Al profano a questo punto potrebbe sorgere una domanda: perché mai il vertice di un ufficio giudiziario sente il bisogno di raccomandarsi affinché gli orari in cui è scandito il calendario giornaliero delle udienze siano effettivamente rispettati? Non è forse sempre così? La risposta che qualunque avvocato darebbe è: no, purtroppo, quasi mai è così. E anzi, Milano si dimostra ancora una volta ufficio giudiziario proteso verso il massimo rispetto possibile della funzione dell’avvocato e della condizione di chi in tribunale deve comunque entrarci. Il punto è che la rigorosa osservanza delle tabelle orarie è, persino nel capoluogo lombardo, un fatto eccezionale. Solo ora che gli assembramenti rischiano di creare conseguenze devastanti in termini di contagio, ci si attrezza davvero per evitarli.
È una vicenda istruttiva. Fa intendere come il dramma della pandemia, e della conseguente lunga paralisi dell’attività nei tribunali, possa almeno sollecitare un doveroso cambio di rotta organizzativo. Adesso che l’assembramento è assolutamente da evitare, si è anche costretti a creare un modello più decoroso per gli avvocati. Finora destinati a stiparsi dinanzi alle stanze- aule, ad assieparsi in corridoi angusti, a rassegnarsi ad attese umilianti per le condizioni in cui dovevano trascorrerle.
Naturalmente c’è un inevitabile scarto fra le circolari diffuse ieri in tutta Italia dai capi di tanti uffici giudiziari, da una parte, e l’effettiva entità della ripresa, dall’altra. Il primo giorno, per la fase 3 della giustizia, è stato a scartamento assai ridotto quanto meno sul versante del civile. In questo ambito, il ritorno alle udienze in presenza è stato limitato ieri, e lo sarà ancora nei prossimi giorni, da almeno due fattori. Innanzitutto dal fatto che solo poche ore fa, lunedì scorso, è apparsa in Gazzetta ufficiale la legge di conversione del Dl 28, con cui la fine della fase 2 è stata anticipata dal 31 luglio al 30 giugno. Da pochissimo, dunque, il provvedimento è vigente anche nelle parti, come quella relativa al riavvio della giustizia, introdotte come emendamenti al testo originari di fine aprile. Vuol dire che i giudici non hanno ancora potuto utilizzare il calendario di luglio per fissarvi udienze. A questo va aggiunto il lento, faticoso passaggio dallo smart working alle nuove modalità consentite dal Dl Rilancio, che prevede un graduale ritorno alla prevalenza del lavoro in ufficio.
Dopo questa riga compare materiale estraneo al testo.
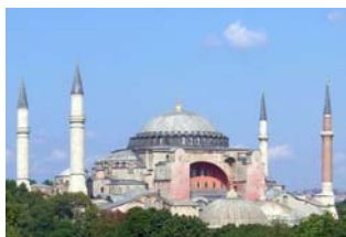
The Haghia Sofia, Istanbul

The 6th century was a golden age for Constantinople. Emperor Justinian reshaped the city and built the Christian cathedral of Haghia Sofia with its huge dome, while glittering mosaics and gleaming marbles lining its walls. By now the Byzantine Empire extended throughout the Mediterranean from the Caucasus to the Atlantic, and from the Danube to the Sahara.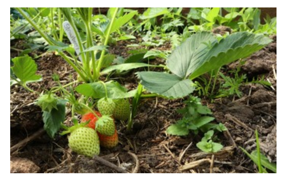
First strawberries in polytunnel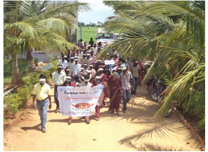
The residents welcome the children from the entrance by traditional way(Arathi) They bring the children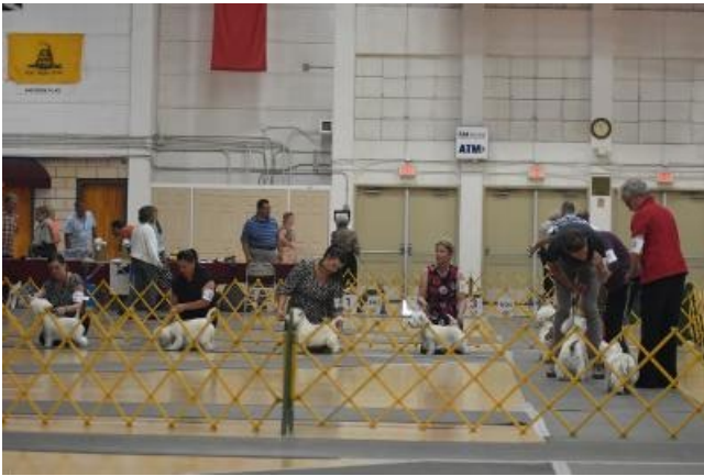
Best of Breed Competition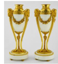
Lot # 440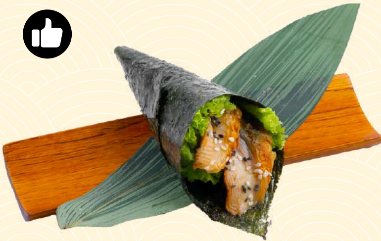
H1. Unagi Handroll | 7.80

Lo stesso presidente del Tribunale di Milano Bichi ha segnalato nella propria circolare che la decisione con cui il Parlamento ha anticipato di un mese la fine della fase 2 impedisce il protrarsi di una «sospensione dell’attività giudiziaria», anche considerato che l’opzione del «lavoro agile», nella giustizia «è condizionata dalla disponibilità di efficaci strumenti informatici e dal fatto che il personale non ha accesso ai registri di cognizione civile e penale».
Nonostante le inevitabili esitazioni, alcune attività in presenza devono per forza andare a regime. Soprattutto nel penale, in particolare con le “direttissime”. Aspetto di cui, sempre nel caso milanese, si è occupato con distinta circolare il presidente delegato Marco Tremolada. Il quale ha raccomandato che i pm presentino gli arrestati «direttamente in udienza nel rispetto di tre fasce orarie, per evitare assembramenti in cancelleria: tenuto conto del fatto che ogni giorno sono disponibili tre aule, il pm dovrà presentare 6 arrestati entro le 10, 6 entro le 11 e 6 entro le 12». Anche qui la paura del contagio produce un virtuoso effetto di riorganizzaziome. Interessante anche il fatto che Tremolada ricordi come debba essere «il giudice della direttissima a verificare il rispetto del protocollo sanitario, pure durante i colloqui preliminari con il difensore». Con la ripresa anticipata delle udienze, sarà anche vinta la ritrosia dei magistrati a caricarsi il peso delle precauzioni anti covid. Da qui all’autunno, una ragionevole disponibilità ad assumersi tale onere sarà decisiva. E costituirà probabilmente l’architrave su cui la giustizia continuerà a reggersi ancora per molti mesi.